* **WORK REQUEST**: Leave out the images; return the rest of the data exactly.
[Opening DATA TO PROCESS section]
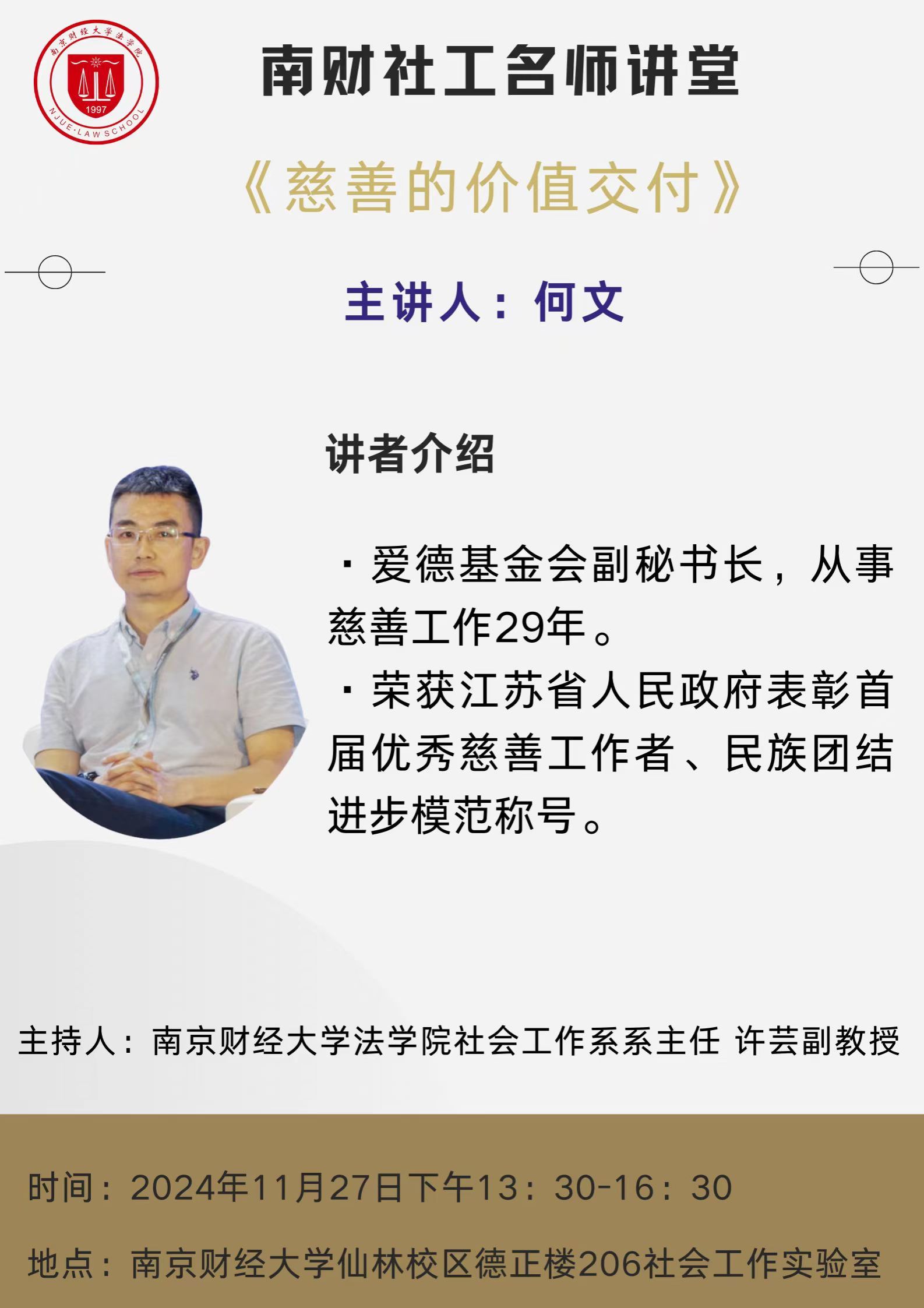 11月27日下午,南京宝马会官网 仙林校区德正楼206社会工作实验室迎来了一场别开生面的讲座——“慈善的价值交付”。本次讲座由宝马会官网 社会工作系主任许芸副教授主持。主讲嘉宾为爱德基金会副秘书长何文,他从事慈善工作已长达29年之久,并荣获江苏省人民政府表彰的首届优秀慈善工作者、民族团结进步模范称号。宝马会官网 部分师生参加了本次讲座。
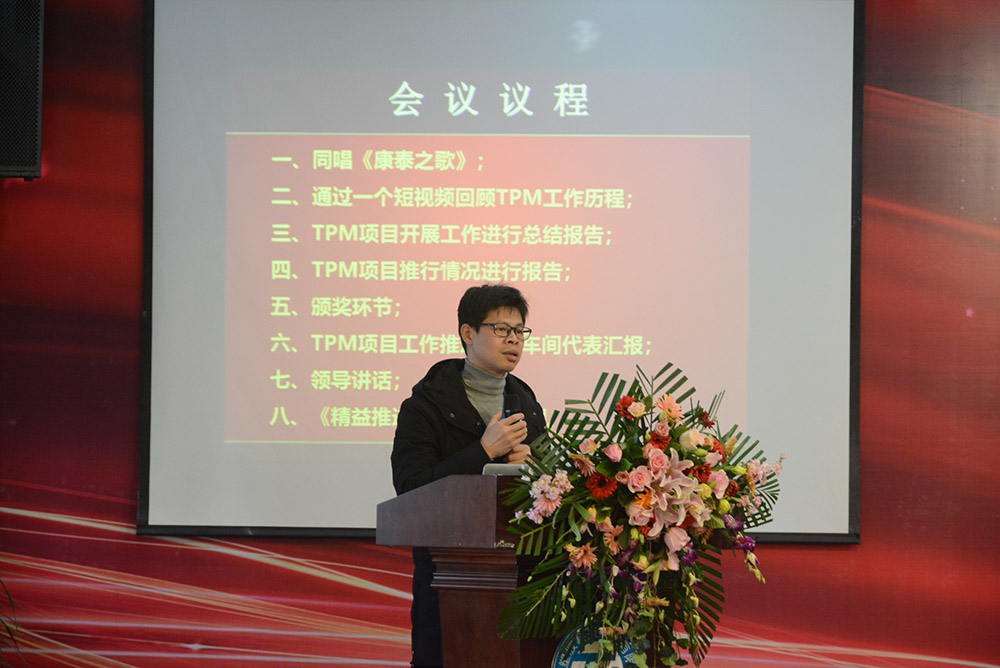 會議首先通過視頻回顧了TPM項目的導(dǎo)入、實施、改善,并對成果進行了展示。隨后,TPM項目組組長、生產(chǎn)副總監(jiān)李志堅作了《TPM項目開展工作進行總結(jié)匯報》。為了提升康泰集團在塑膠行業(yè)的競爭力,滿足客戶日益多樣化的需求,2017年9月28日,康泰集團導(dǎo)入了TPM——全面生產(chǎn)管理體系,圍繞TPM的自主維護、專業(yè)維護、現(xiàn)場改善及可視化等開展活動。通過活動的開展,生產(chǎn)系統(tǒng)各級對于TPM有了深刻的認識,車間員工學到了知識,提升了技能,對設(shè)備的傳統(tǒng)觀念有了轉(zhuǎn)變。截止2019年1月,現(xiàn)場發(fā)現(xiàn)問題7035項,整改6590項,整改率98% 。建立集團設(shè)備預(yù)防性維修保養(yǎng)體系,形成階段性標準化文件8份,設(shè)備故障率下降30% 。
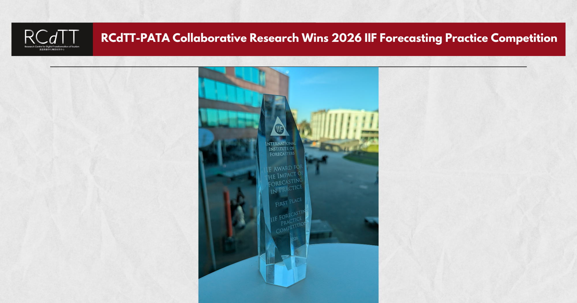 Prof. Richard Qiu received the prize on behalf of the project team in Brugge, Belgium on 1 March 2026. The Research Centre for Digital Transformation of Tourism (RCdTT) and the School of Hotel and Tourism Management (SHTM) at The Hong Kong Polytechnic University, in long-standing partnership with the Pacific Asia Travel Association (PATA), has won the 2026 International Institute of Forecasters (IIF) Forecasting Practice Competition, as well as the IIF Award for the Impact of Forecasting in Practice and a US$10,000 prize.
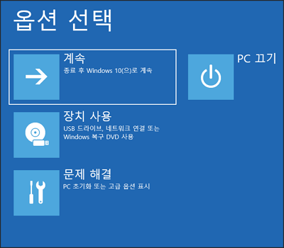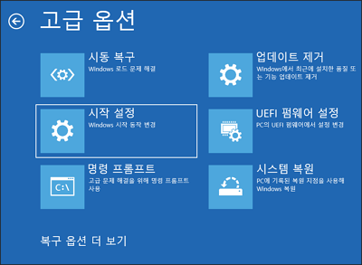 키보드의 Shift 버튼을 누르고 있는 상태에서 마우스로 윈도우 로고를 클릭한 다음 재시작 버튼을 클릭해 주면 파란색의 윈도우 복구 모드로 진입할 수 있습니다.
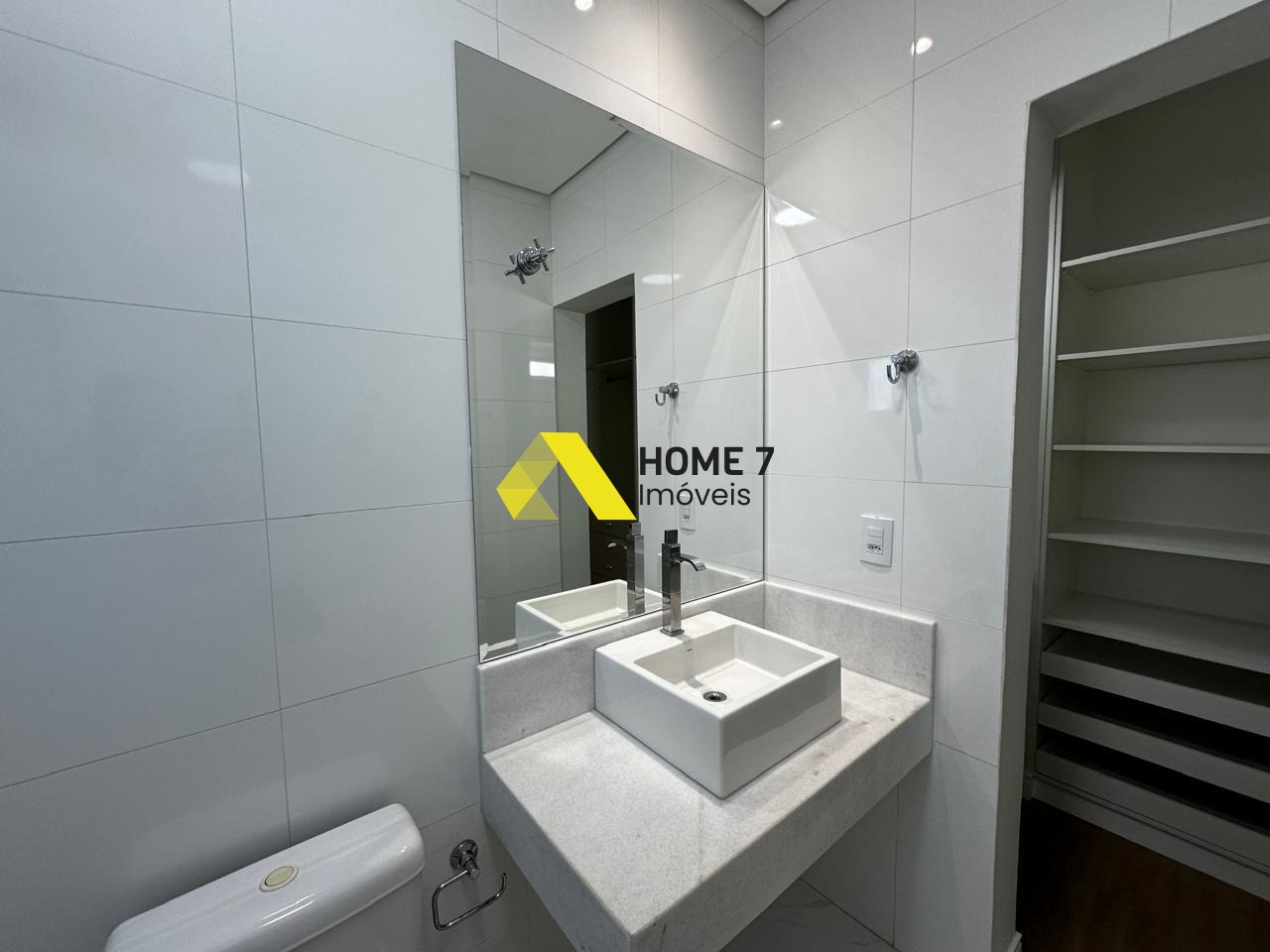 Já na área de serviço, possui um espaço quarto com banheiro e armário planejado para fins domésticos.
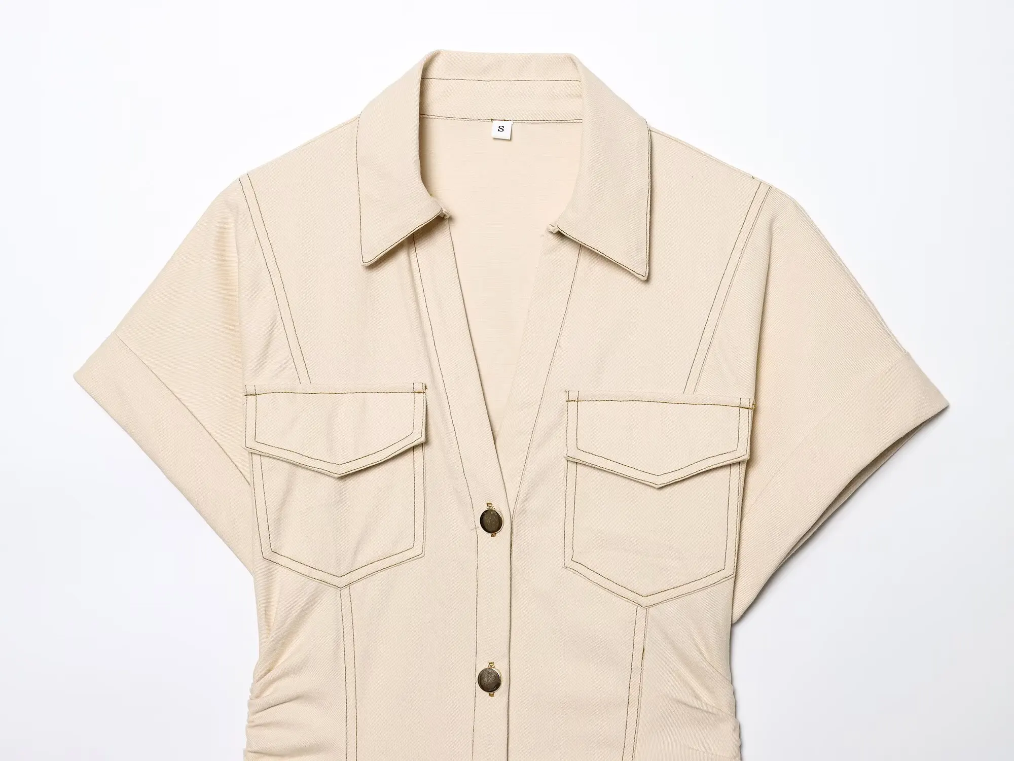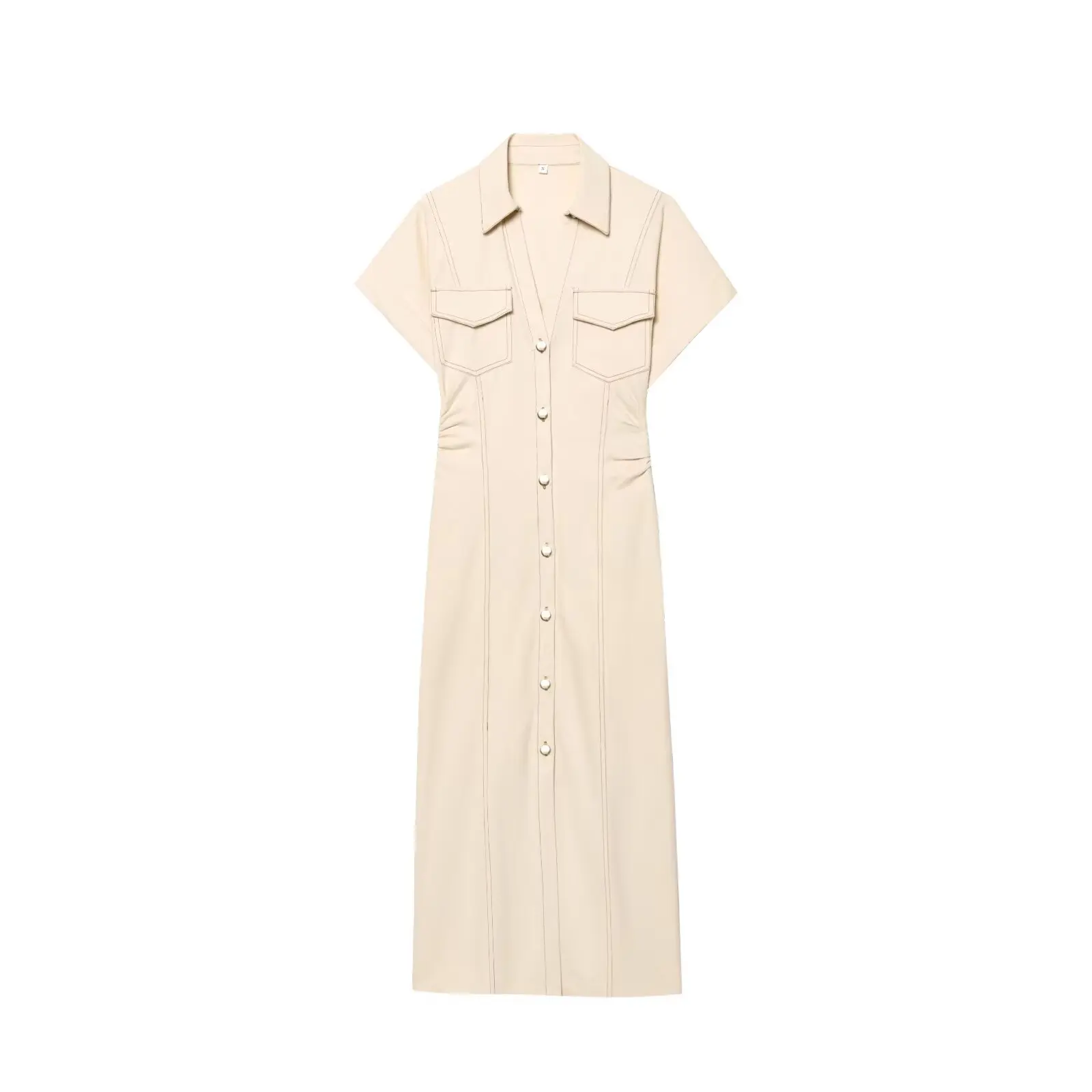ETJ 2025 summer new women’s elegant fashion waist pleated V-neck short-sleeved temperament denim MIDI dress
[Closing DATA TO PROCESS section]
* **EXERCISE RESPONSE**:
 11月27日下午,南京宝马会官网 仙林校区德正楼206社会工作实验室迎来了一场别开生面的讲座——“慈善的价值交付”。本次讲座由宝马会官网 社会工作系主任许芸副教授主持。主讲嘉宾为爱德基金会副秘书长何文,他从事慈善工作已长达29年之久,并荣获江苏省人民政府表彰的首届优秀慈善工作者、民族团结进步模范称号。宝马会官网 部分师生参加了本次讲座。
 會議首先通過視頻回顧了TPM項目的導(dǎo)入、實施、改善,并對成果進行了展示。隨后,TPM項目組組長、生產(chǎn)副總監(jiān)李志堅作了《TPM項目開展工作進行總結(jié)匯報》。為了提升康泰集團在塑膠行業(yè)的競爭力,滿足客戶日益多樣化的需求,2017年9月28日,康泰集團導(dǎo)入了TPM——全面生產(chǎn)管理體系,圍繞TPM的自主維護、專業(yè)維護、現(xiàn)場改善及可視化等開展活動。通過活動的開展,生產(chǎn)系統(tǒng)各級對于TPM有了深刻的認識,車間員工學到了知識,提升了技能,對設(shè)備的傳統(tǒng)觀念有了轉(zhuǎn)變。截止2019年1月,現(xiàn)場發(fā)現(xiàn)問題7035項,整改6590項,整改率98% 。建立集團設(shè)備預(yù)防性維修保養(yǎng)體系,形成階段性標準化文件8份,設(shè)備故障率下降30% 。
 Prof. Richard Qiu received the prize on behalf of the project team in Brugge, Belgium on 1 March 2026. The Research Centre for Digital Transformation of Tourism (RCdTT) and the School of Hotel and Tourism Management (SHTM) at The Hong Kong Polytechnic University, in long-standing partnership with the Pacific Asia Travel Association (PATA), has won the 2026 International Institute of Forecasters (IIF) Forecasting Practice Competition, as well as the IIF Award for the Impact of Forecasting in Practice and a US$10,000 prize.
 키보드의 Shift 버튼을 누르고 있는 상태에서 마우스로 윈도우 로고를 클릭한 다음 재시작 버튼을 클릭해 주면 파란색의 윈도우 복구 모드로 진입할 수 있습니다.
 Já na área de serviço, possui um espaço quarto com banheiro e armário planejado para fins domésticos.
ETJ 2025 summer new women’s elegant fashion waist pleated V-neck short-sleeved temperament denim MIDI dress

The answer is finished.